Prof. Dr. Alemdar: Cumhuriyet tarihinde benzeri görülmedi
Türkiye’de basın tarihi konusunda uzman isimlerden Profesör Dr. Korkmaz Alemdar, 7 Haziran arifesinde geçmişte hiçbir dönemde yaşanmayan şekilde medya üzerinde kontrol mekanizmaları uygulandığı görüşünde.
Amerika'nın Sesi'ne konuşan Prof.Dr. Alemdar, Cumhurbaşkanı Erdoğan’ın da süreçteki rolüne dikkat çekerek, YSK’nın duruma ‘seyirci’ kaldığını ifade etti.
Türkiye’nin geçmiş seçimlere kıyasla ‘olağanüstü’ bir seçim atmosferine ev sahipliği yaptığını söyleyen Alemdar, sözlerini şöyle sürdürdü:
‘Olağanüstü olması, hem anayasa hem de siyasetteki uygulamalar bakımından yaşananlardan kaynaklanıyor. Bugüne kadar ‘Anayasayı dinlemiyorum, çiğnemeyi göze alıyorum’ diyen AKP’li Bakanlar Kurulu mensuplarıyla ilk defa böyle bir durumu yaşıyoruz. Cumhurbaşkanı kesin ve net tavır aldı. (Cumhurbaşkanı) Anayasayı ihlal ediyor. Kendince ‘Eşit mesafede duruyorum dese de AKP adına kampanya yapıyor.
Anayasa’ya rağmen anayasal kurumlar ve en başta Yüksek Seçim Kurulu bu duruma seyirci. Gerçekten bu seçim Cumhuriyet tarihinde benzeri görülmemiş bir durum.
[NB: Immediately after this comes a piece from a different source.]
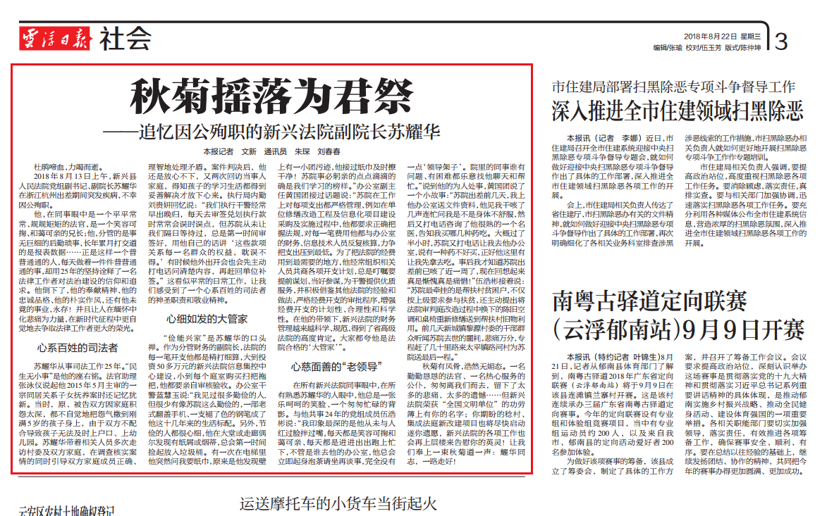 《云浮日报》刊登追忆新兴法院副院长苏耀华文章

Seçim atmosferinde yurttaşın özgürce fikir oluşturabilmesi için medya aracılığıyla siyasi partiler hakkında bilgi edinmesi ve kampanyalarını öğrenebilmesi gerekir. Ama bu seçimde sorunumuz var. Cumhurbaşkanı başta olmak üzere AKP lehine medya kuruluşları üzerinde baskı uygulanıyor.’
Medyada eşitlik ilkesine aykırı olarak AKP lehine ağırlıklı yayın yapıldığını vurgulayan Alemdar, buna rağmen 7 Haziran’da sandıktaki süreçten umutlu ancak seçim güvenliği açısından ise endişeli. Alemdar, ‘Sağduyu egemen olacaktır diye düşünüyorum. En önemlisi umarım yurttaş oyları sayılabilecektir’ dedi.
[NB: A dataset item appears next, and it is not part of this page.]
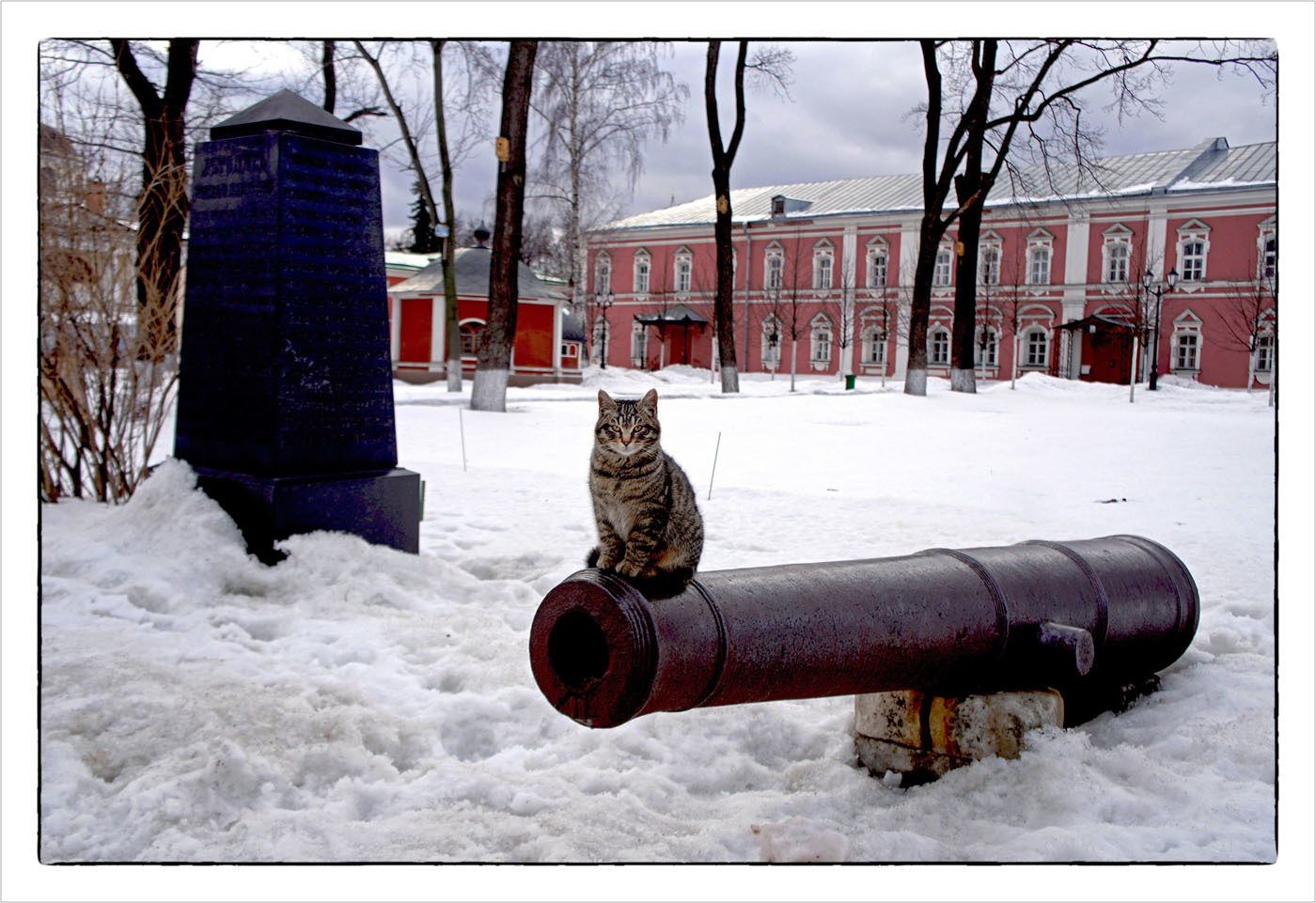 Кот, сидящий на стволе старинной пушки

AKP akreditasyon uyguluyor
Türkiye’de seçim sürecinde siyasi partiler, görevlendirilen basın mensuplarına kapılarını açarken, liderler de neredeyse her gün yazılı veya görsel medyada görevli gazeteciler ile bir araya geliyor. Ancak iktidar partisi, ‘akreditasyon’ uygulamasını tercih ediyor.
AKP, Başbakan Ahmet Davutoğlu’nun katılımıyla gerçekleştirdiği 15 Nisan’da seçim beyannamesi açıklaması ve 21 Nisan’da ise Ankara adaylarını tanıtım toplantısında, ‘akreditasyon’ uyguladı. Davutoğlu’nun, ‘Başbakan’ olması gerekçe gösterildi ve söz konusu toplantılar için sadece Başbakanlık’a akredite kuruluşlara izleme şansı tanındı.
AKP’nin aksine CHP, MHP ve HDP başta olmak üzere tüm siyasi partiler gerçekleştirdikleri seçim beyannamesi veya aday tanıtım toplantılarında, medya kuruluşlarına sınırlama getirmedi.
Türkiye’deki yasal mevzuata ‘resmi gazeteci kimliği’ olarak Sarı Basın Kartı söz konusu. Sarı Basın Kartı, Başbakanlık’a bağlı Basın-Yayın ve Enformasyon Genel Müdürlüğü’nce veriliyor. Ancak Cumhurbaşkanlığı ve Başbakanlık, toplantılarında veya en son Hakkari Havalimanı açılışında yaşandığı üzere Sarı Basın Kartı sahibi medya mensuplarına da ‘akreditasyon’ engeli getirilebiliyor.